For several centuries, Christianity has enjoyed a hegemony on truth in the West. Western civilization was shaped by the Bible, Christendom enforced the Bible onto the populace to the point where unbelievers and deviants were persecuted. For good and for ill, the Bible was used and abused to force conformity amongst the Western populace.
That is, until the rise of the Anabaptists and Mennonites and others like them. They rebelled against the "church-state" paradigm. They believed that conversion could not come by the government or the sword, but only by grace through faith in the gospel. Eventually, persecution led many of them to the New World. There, Baptists would eventually be instrumental in insuring the separation of Church and State and the freedom of religion for all people, even freedom to worship the devil.

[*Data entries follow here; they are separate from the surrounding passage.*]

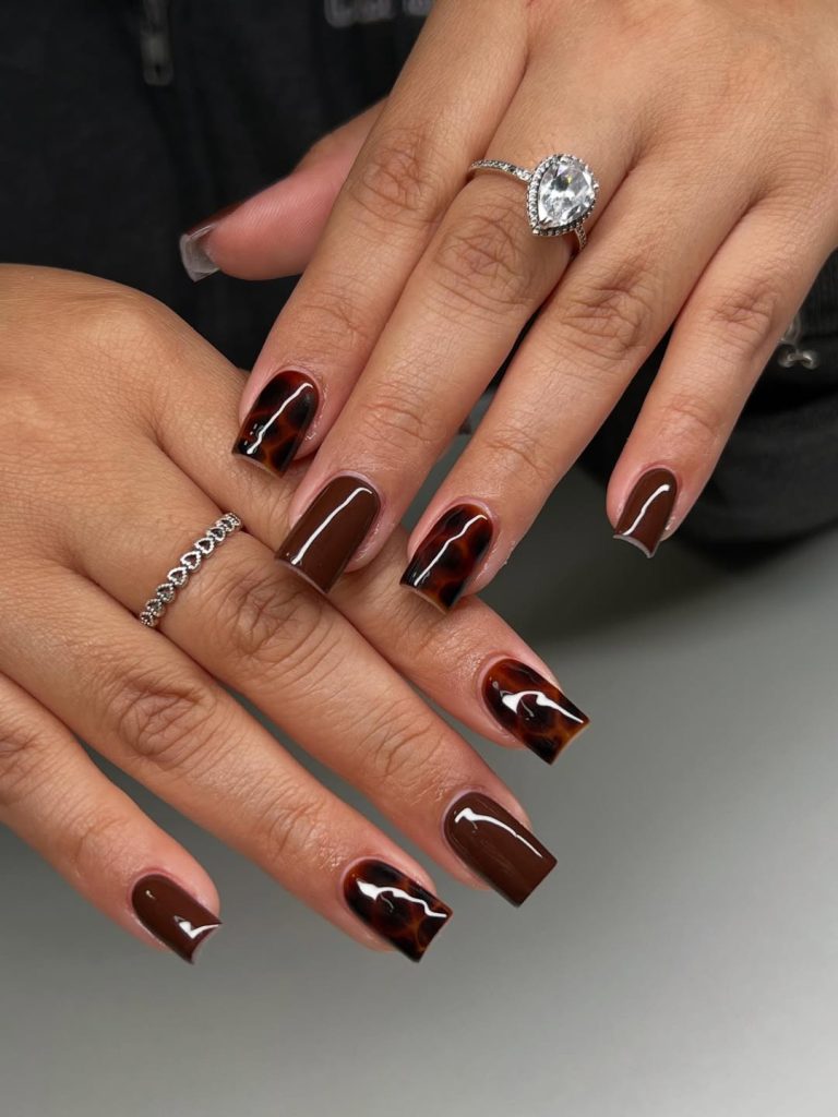 Proof that “short” can still be a statement. High-gloss tortoiseshell panels sit alongside solid chocolate, all on a crisp, short square silhouette. The glassy topcoat gives salon-fresh depth for weeks.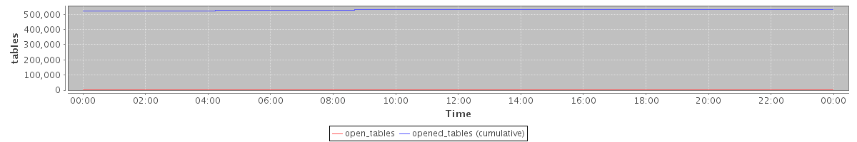 avg(open_tables) = 1185.88 avg(opened_tables (cumulative)) = 527815.98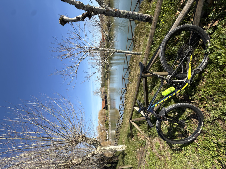 An outdoor scene in Cantanhede, Portugal, depicts a tranquil lake environment under a clear blue sky. In the foreground, a dark blue and yellow Scott full-suspension mountain bike with a bright yellow water bottle rests on its side, leaning against a rustic wooden log fence. The bike is positioned on a grassy bank with scattered dried leaves. Beyond the fence, a calm lake reflects the sky and distant elements. On the far side of the lake, several buildings with reddish-brown tiled roofs are visible amidst a mix of deciduous trees, many bare of leaves, and some evergreen foliage. Numerous bare-branched deciduous trees, some with gnarled trunks, line the left side and extend into the midground. The scene is brightly lit by natural sunlight, casting distinct shadows. No people are present.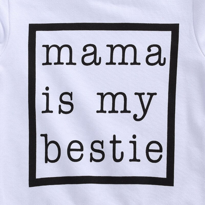 Introducing the Babies Full Length Pullover, perfect for chilly autumn and winter days! This hoodie is a great way to keep your little one warm, while also looking stylish. The letter printed "Mama is my Bestie" design will make them look adorable, and the soft material will keep them comfortable throughout all their activities. The round neck long-sleeved top has ribbed welt and cuffs, ensuring a non-slip and painless fit for your child. Plus, it's incredibly easy to put on and take off! Perfect for sportswear, daily wear, or even just lounging around the house on cooler days–this pullover is an unbeatable choice. Make sure you get one today for your special someone!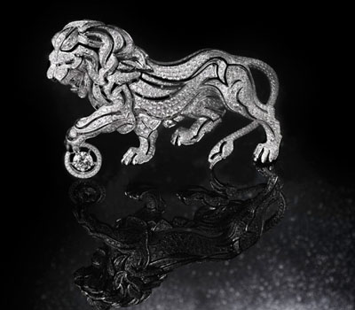 2013年Chanel(香奈兒)最新推出的「Sous Le Signe Du Lion」(Under the Sign of Leo)頂級珠寶系列共以4種(正面像、徽章、雕刻、側(cè)面像)形式表現(xiàn),58件新作,11個系列呈現(xiàn)璀璨卓越作品,演譯象征了香奈兒女士的代表動物——各種不同獅子造型。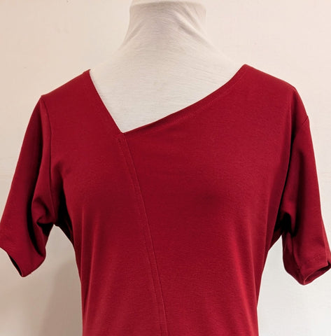 the classic SC little red dress , with asymmetrical seam and neck line .a small centre back slit. it is in a baby rib cotton knit for maximum comfort. available in all sizes or provide us with height, bust, waist,  hip and it will be made based on this information just for you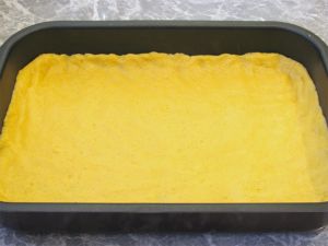 Հիմա անցնում ենք ամենակարևոր գործին: Ջեռոցի թավան յուղել, խմորը լցնել ու ձեռքերով հարթեցնել:

Believe it or not, that grand and great dream laid down by the early American Republic has had a major impact upon truth. As the early Baptists suspected, if given the chance to freely worship the devil, some people would. And some would be Buddhists, and some would be Hindus, and some would be Moonies, and some would be atheists altogether. Being a Baptist myself, I am altogether delighted that they have the freedom to be as wrong as they please.

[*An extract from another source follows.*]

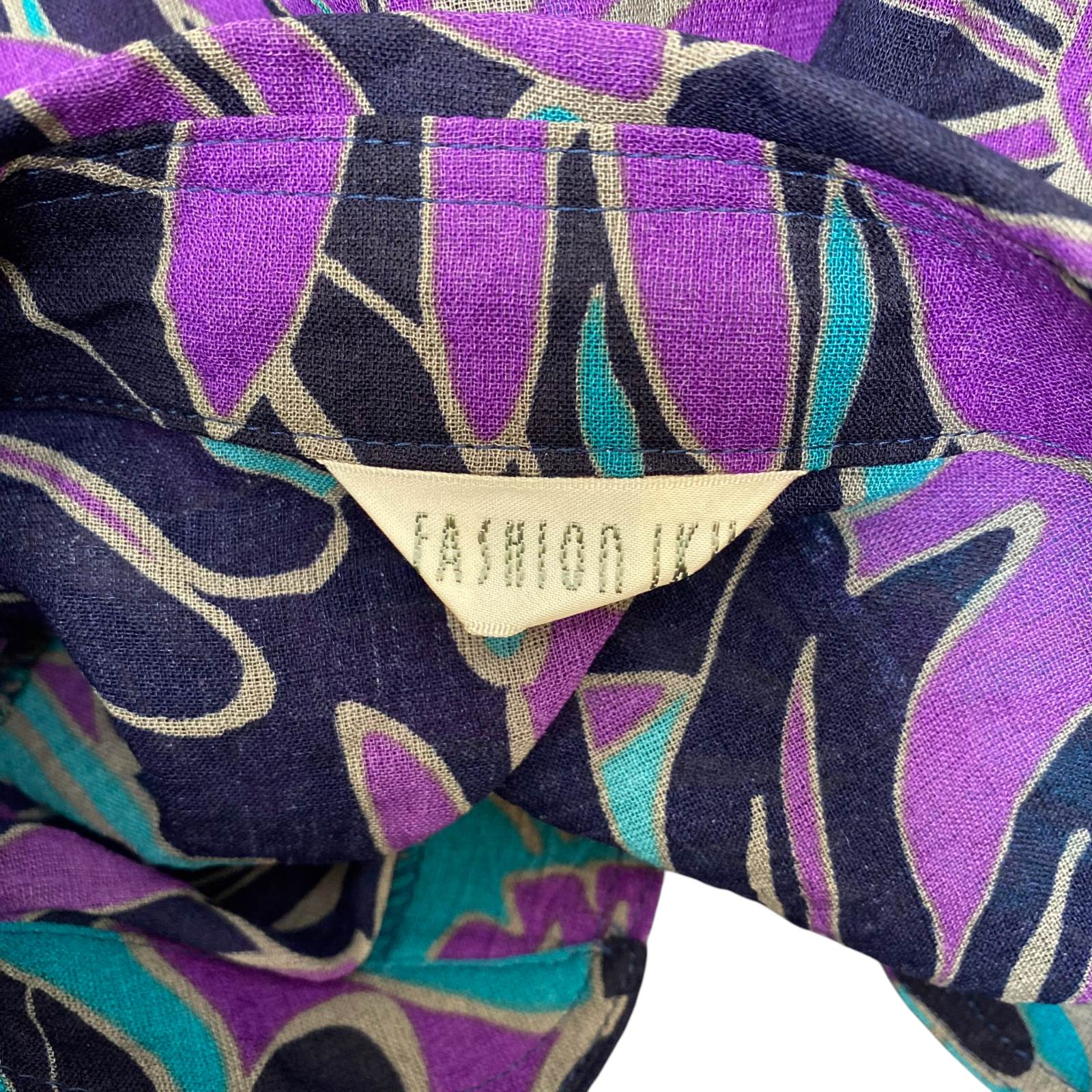 Women Shirt Top M Multi Floral Half Sleeve Collared Classic Outdoor Button Down
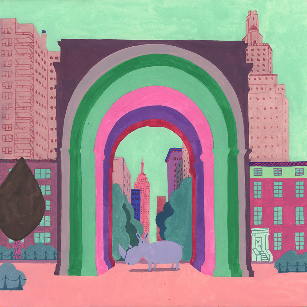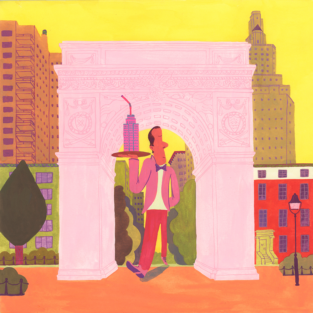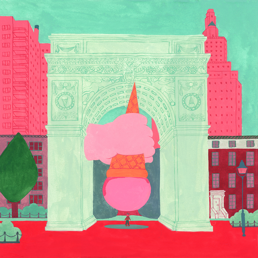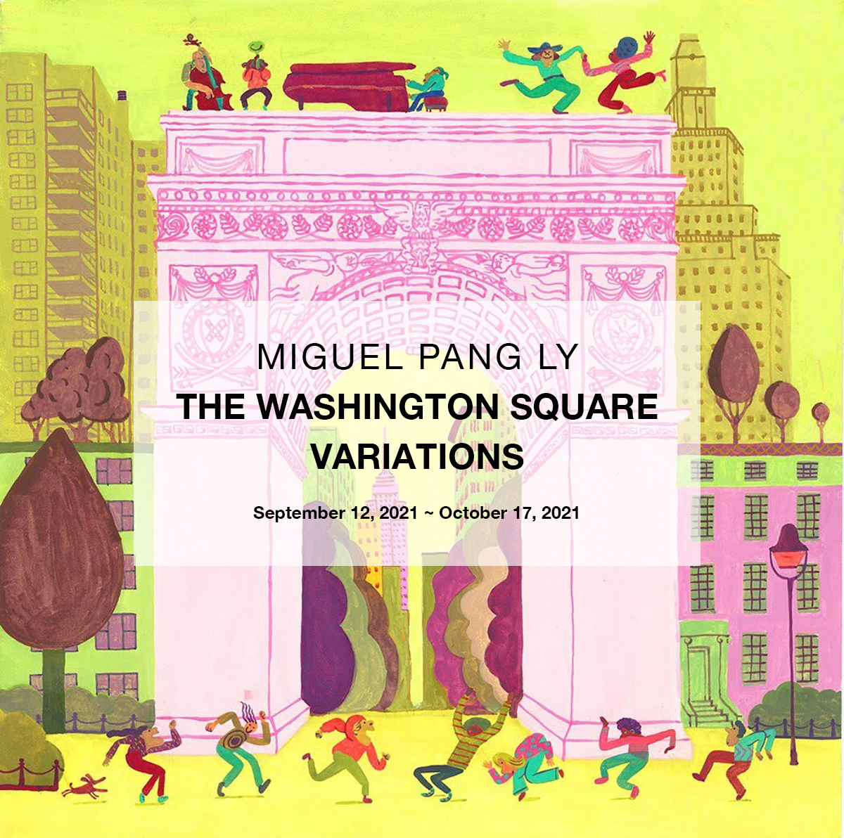 AG Gallery is pleased to announce that a solo exhibition “The Washington Square Variations” by Miguel Pang Ly is fonally opening on Sunday, September 12, 2021. The illustrations of the Washington Square Variations are made based on a mixture of Miguel’s imagination and his actual visits to the Washington Square while he was staying in New York City. This time we are pleased to invite you to a wall full of his art, 39 original Washington Square paintings by him.

For the first couple of centuries, the people of the United States spoke Bible, as did their ancestors in Europe. I do not mean that all the people in the United States were Christian; I would never argue that. However, it is apparent that they all filtered their understanding of life, predominantly, through a Biblically colored lens.

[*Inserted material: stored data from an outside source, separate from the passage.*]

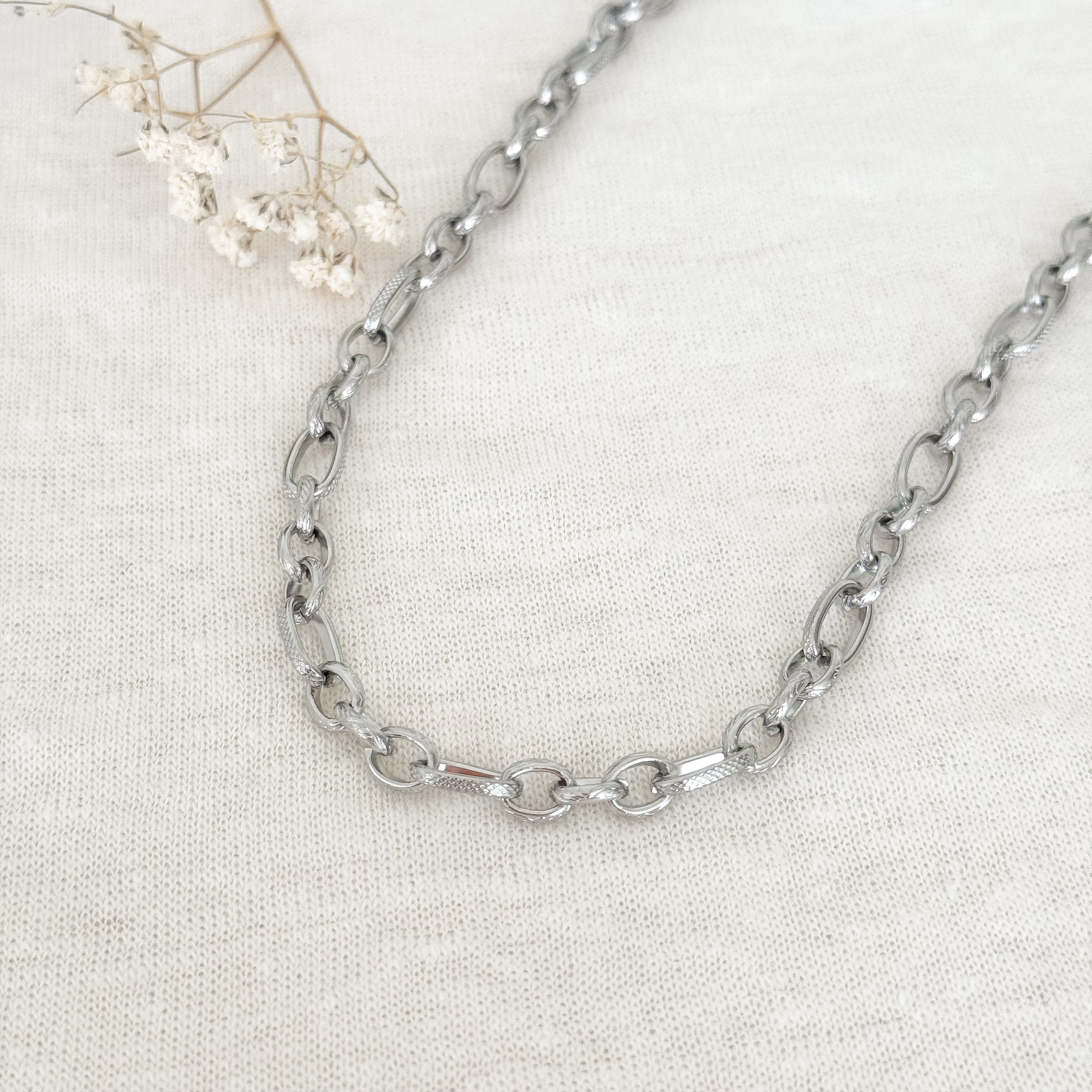 Grove Schakel Ketting, gemaakt van stainless steel. Deze ketting is gemaakt van hoogwaardig stainless steel: duurzaam, kleurvast en hypoallergeen. Wat haar direct opvallend maakt, is de unieke schakelstructuur. De grove ovalen schakels wisselen in grootte en oppervlak. Van glad tot fijn bewerkt, wat zorgt voor een speels, luxueus effect. Elke schakel vertelt haar eigen verhaal en samen vormen ze een krachtig geheel.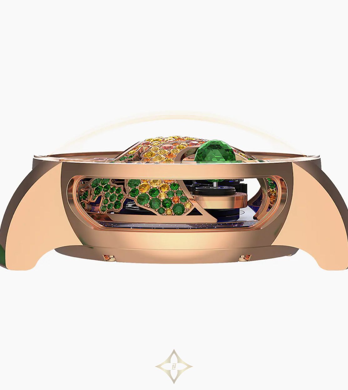 Dome: 18K Rose Gold set with Brilliant-cut Tsavorites (~ 0.19 ct.) and Dark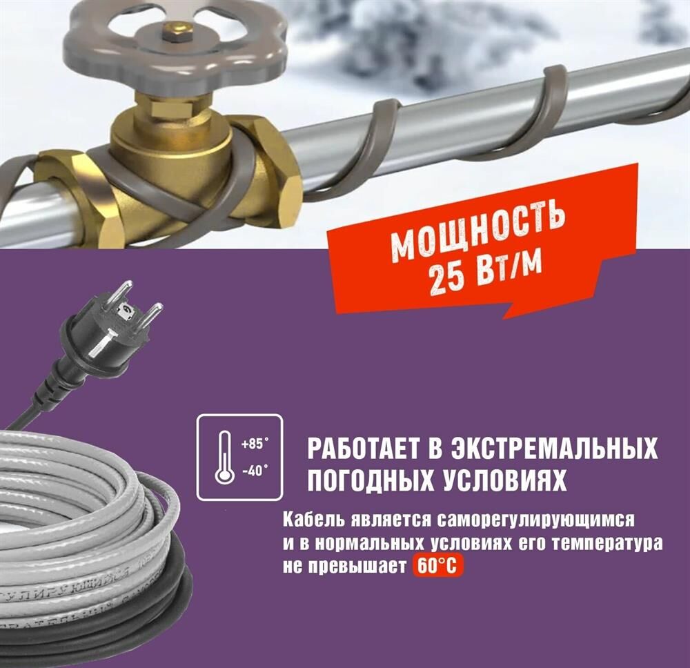 REXANT Кабель греющий саморегулирующийся модель SRL Extra Line 25MSR-PB, на трубу, 3м/75Вт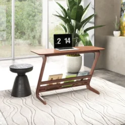 The Lakeview Desk has wood veneer and MDF top with solid rubberwood legs. This desk is the perfect Mid Century Modern piece for any workspace.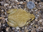 How long can the metamorphosis from tadpole to frog take? I have a tadpole in a bucket that I have been feeding since the end of the last wet season! He has grown a bit larger and paler but no appendages. - view

Take Thomas Jefferson as an example. He was, from what I can tell, a Christian heretic par excellence. He famously cut out the miraculous parts of the Bible, leaving in all the laws and the moral code and the ethical teachings of Jesus. It seems that he admired the teachings of Jesus. Such would have been the attitude of many in that day: the default lens for interpreting right from wrong was a Biblical one. One can hardly read a novel or or thinker who wrote from the beginning of the republic until the early 1950's who wasn't profoundly aware of Biblical traditions of right and wrong, and even the moral stories* that the Bible contains.
Now, things are on different. Christianity does not enjoy the hegemony it once did. That's not to say that its influence isn't strong and felt. It surely is. However, there is a much greater competition of ideas out there in the market. Some are compltely foreign to a Biblical worldview. Jefferson did away with the miracles. Post-Modern America has ditched most of the Christian ethic.
This brings me back around to Pilate and his question to Jesus: What is truth? I think for many, Pilate's original question may even assume too much. Instead, the question of the day might be, "Is there such a thing as Truth?"
I believe that there is Truth that is objective, real, and unchanging. I believe that Truth is embodied in the person of Jesus Christ. The challenge for Christians is now, as it has always been, is to take the gospel, the story and teachings of Jesus, and put them into the market place of ideas. The gospel is a narrative without parallel. The beauty of Jesus is without rival. He is a teacher without equal. If Christians would just see that He is the message, we could be a far more winsome and compelling people.